Лондон охватило смятение. Торговцы в панике запирали на замок свои лавки. Толпы народа громко осуждали одиннадцать депутатов, упрямство которых грозило насилием не только парламенту, но и всему населению города. Дальше медлить было нельзя. Осужденные общим мнением депутаты объявили о том, что они добровольно покидают парламент. Их товарищи были так им благодарны и так упрямы, что вместо полной отставки декретировали им шестимесячный отпуск.
Все-таки они осознали, что над каждым из них нависла угроза отставки. Отставки им не хотелось. Парализованные страхом, они уже без расчета и оговорок принимали те предложения армии, которые могли её успокоить. В первую очередь парламент обязал сам себя печься о её содержании, точно эту обязанность с него кто-то снимал. Он обещал избрать представителей, которые совместно с представителями от армии примутся приводить в порядок государственные дела, точно государственные дела пришли в расстройство не по их вине, а по вине армии. Он отменил собственное решение перевести короля в Ричмонд и постановил, что король отныне должен находиться при главной квартире, точно и без этого он не находился при ней.
Эти беспорядочные решения ничего не решали. Они говорили только о том, что переговоры с этим парламентом могут возобновиться. Кромвель большего и не хотел и сдерживал Совет армии, который настаивал, чтобы парламент без промедления удовлетворил все его требования. Представители армии были направлены в Лондон. Ферфакс отвел армию на несколько миль. Стало казаться, что мир может быть наконец установлен.
Кромвель спешил использовать этот редкий, чрезвычайно удачный момент. Последний козырь выпадал из рук короля. Сейчас ему было трудно рассчитывать на длительный и неразрешимый раздор между армией и парламентом, на котором держалась его надежда вернуть себе ничем не ограниченную, самодержавную власть. Если бы он, подобно Кромвелю, исходил из реального соотношения сил, что о самодержавной власти он может только мечтать и что только уступки с его стороны могут спасти и его самого, и мир и спокойствие в Англии.
В самом деле парламент не только заговорил с армией таким языком, каким побежденный говорит с победителем, он окончательно бросил короля в объятия армии, смиренно отказавшись перевозить его в Ричмонд. Узнав о новом бесчестии, король только и мог, что презрительно улыбнуться.
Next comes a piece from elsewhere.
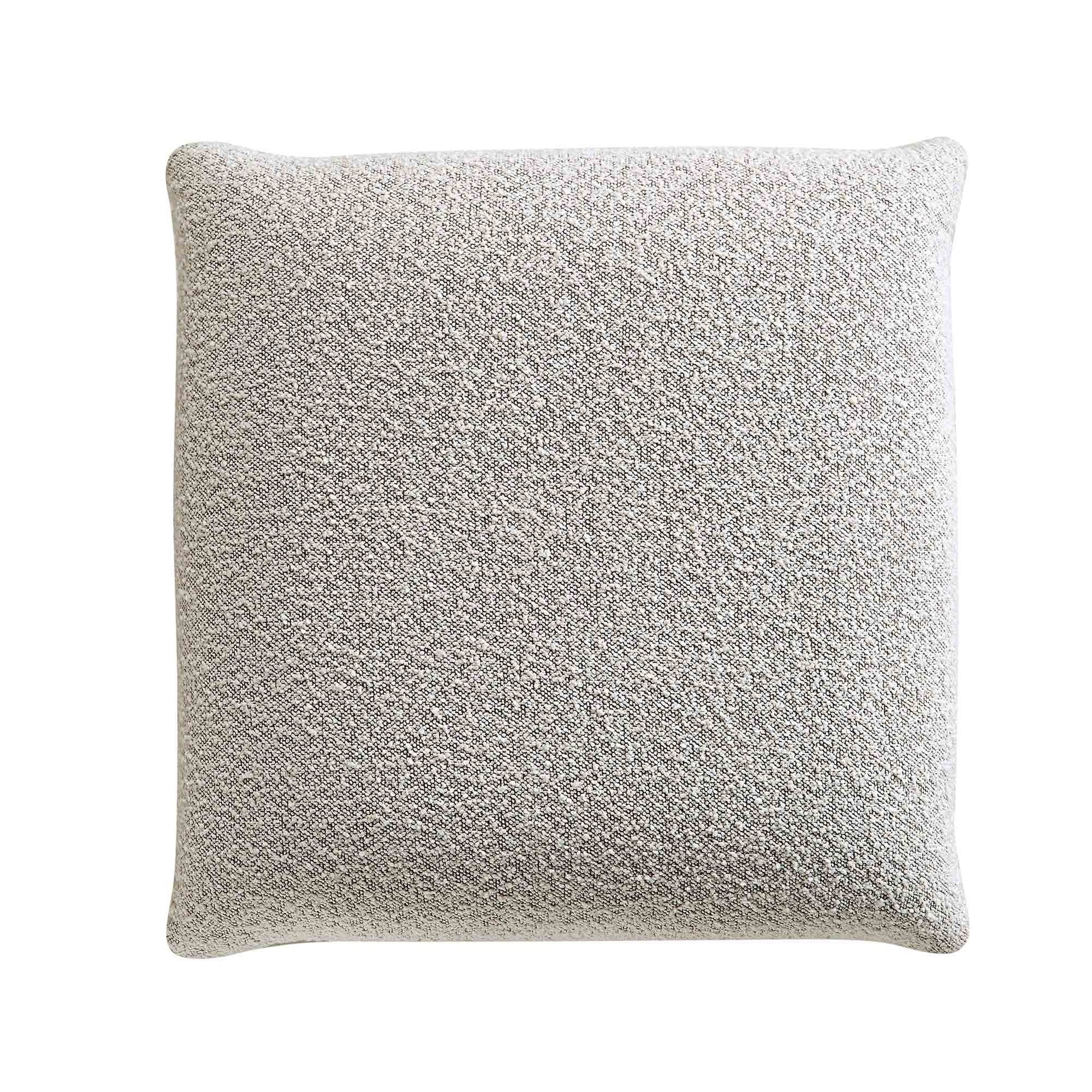 - Upholstered with chic mist grey boucle fabric for a contemporary look.

Ему оставалось надеяться только на армию.
Офицеры оказывали ему должное уважение и были ещё любезнее, чем комиссары парламента, приставленные к нему в замке Холмби. Многие из них искали его благосклонности, как будто ему уже были возвращены все права властелина. Ему возвратили его капелланов и разрешили им служить обедни по канонам епископальной церкви, что вполне соответствовало свободе вероисповедания, которую отстаивал Кромвель. Ему оставили его преданных слуг и даже тех кавалеров, с которыми армия ещё недавно встречалась на поле сражения.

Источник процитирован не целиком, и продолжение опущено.